▶ Your instructions: In the data below, locate the line containing "- Размеры: 17" and the line containing "В гостиной расположился", then retype both and everything between them exactly. Pictures are not part of the copy.

▶ Data:
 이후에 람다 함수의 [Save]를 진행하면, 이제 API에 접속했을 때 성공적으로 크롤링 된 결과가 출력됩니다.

--

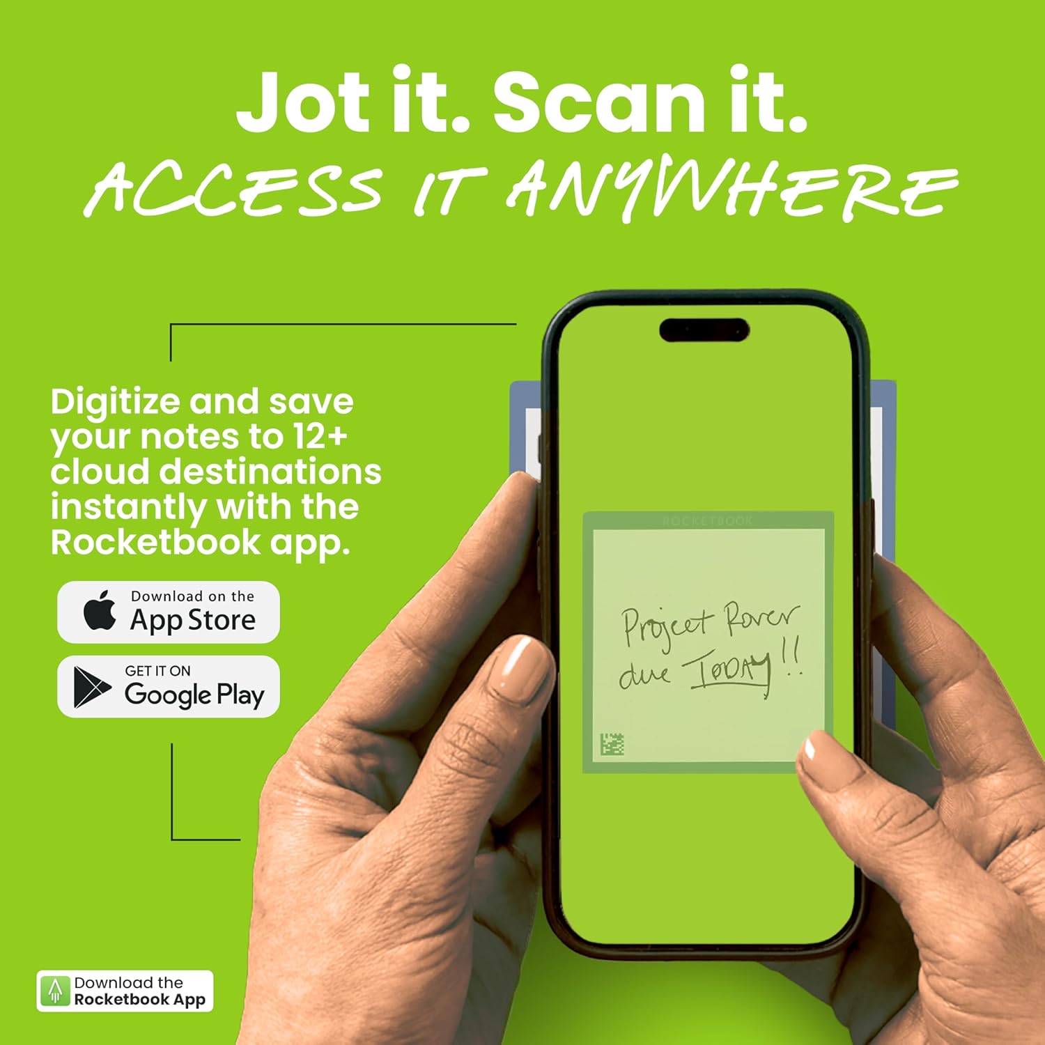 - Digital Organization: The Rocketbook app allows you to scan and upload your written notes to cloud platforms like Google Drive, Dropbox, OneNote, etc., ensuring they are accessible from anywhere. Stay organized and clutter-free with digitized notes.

...

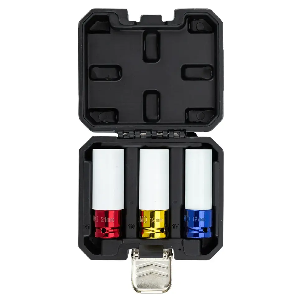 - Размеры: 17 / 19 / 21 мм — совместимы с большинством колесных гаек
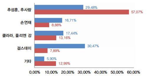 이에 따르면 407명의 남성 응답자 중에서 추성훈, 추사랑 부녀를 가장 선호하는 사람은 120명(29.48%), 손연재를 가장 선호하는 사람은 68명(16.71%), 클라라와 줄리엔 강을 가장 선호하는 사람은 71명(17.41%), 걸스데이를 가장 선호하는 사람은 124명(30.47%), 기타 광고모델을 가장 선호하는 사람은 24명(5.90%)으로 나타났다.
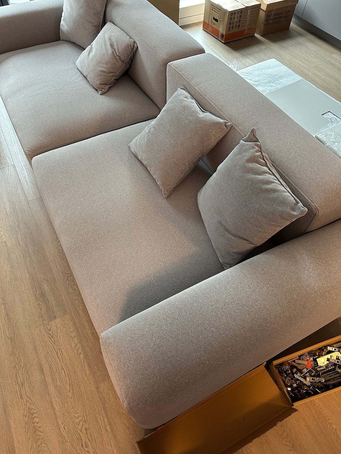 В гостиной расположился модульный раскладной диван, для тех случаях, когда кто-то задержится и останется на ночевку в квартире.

▶ Exercise solution:
 - Размеры: 17 / 19 / 21 мм — совместимы с большинством колесных гаек
 이에 따르면 407명의 남성 응답자 중에서 추성훈, 추사랑 부녀를 가장 선호하는 사람은 120명(29.48%), 손연재를 가장 선호하는 사람은 68명(16.71%), 클라라와 줄리엔 강을 가장 선호하는 사람은 71명(17.41%), 걸스데이를 가장 선호하는 사람은 124명(30.47%), 기타 광고모델을 가장 선호하는 사람은 24명(5.90%)으로 나타났다.
 В гостиной расположился модульный раскладной диван, для тех случаях, когда кто-то задержится и останется на ночевку в квартире.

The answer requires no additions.